Dr. Launcelot Andrews, Dean of Westminster, and afterwards bishop of Chichester, the most celebrated preacher and the sternest defender of High Church doctrines in the reign of James, brought to the work his brilliant talents and sincere devotion. Adrian de Saravia, previously Divinity Professor at Leyden, a celebrated linguist, lent the aid of his profound knowledge of the original tongues. Dr. Laifield contributed his skill in architecture, to the details of the structure of the tabernacle and the temple. Cambridge and Oxford both offered to the work their Regius Professors of Hebrew and of Greek. There were Doctors of Divinity, learned dignitaries of the principal sees of the English Church, whole libraries of Biblical learning, and men of equal scholarship and as unquestionable piety, from the ranks of the non-conformists.

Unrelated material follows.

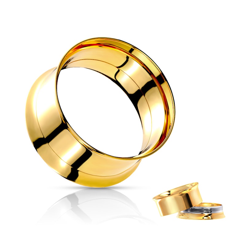 Lindo e simples túnel em um estilo elegante para você que deseja manter um visual simples de design clássico para seu alargamento. Esse lindo túnel é fito de aço cirúrgico tingido. Aço cirúrgico é muito usado para jóias de piercing, e aqui você o encontra encontra em uma edição luxuosa revestido de ouro.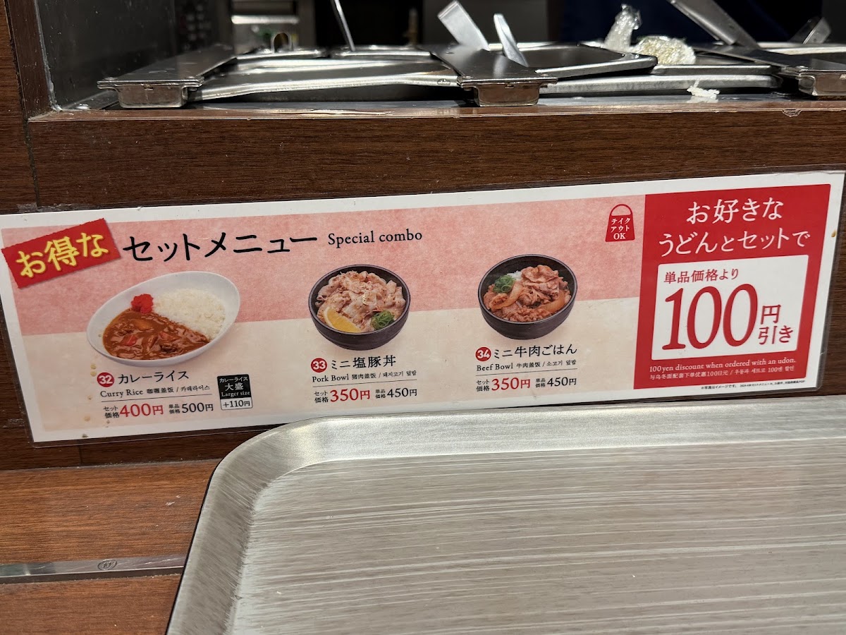 If you enjoy a zesty kick, the おろししょうゆ 大 is a great choice, with its tangy grated daikon and soy sauce that perfectly balance the flavors. For a heartier meal, the きつねうどん is a satisfying option, served with sweet and savory fried tofu, offering a hearty contrast to the chewy udon noodles. The よくばりうどん弁当 is ideal for those who want a little bit of everything, with various toppings served in a convenient bento box.

Though fifty-four persons are, in James's letter, said to have been appointed, the names of but forty-seven appear in the list of actual translators. The remaining seven were probably the bishops who were to revise the whole work. The translators met in three companies; the appointees of each university within their respective precincts; those of the king at Westminster. Each of these companies was again divided; so that there were six sections in all.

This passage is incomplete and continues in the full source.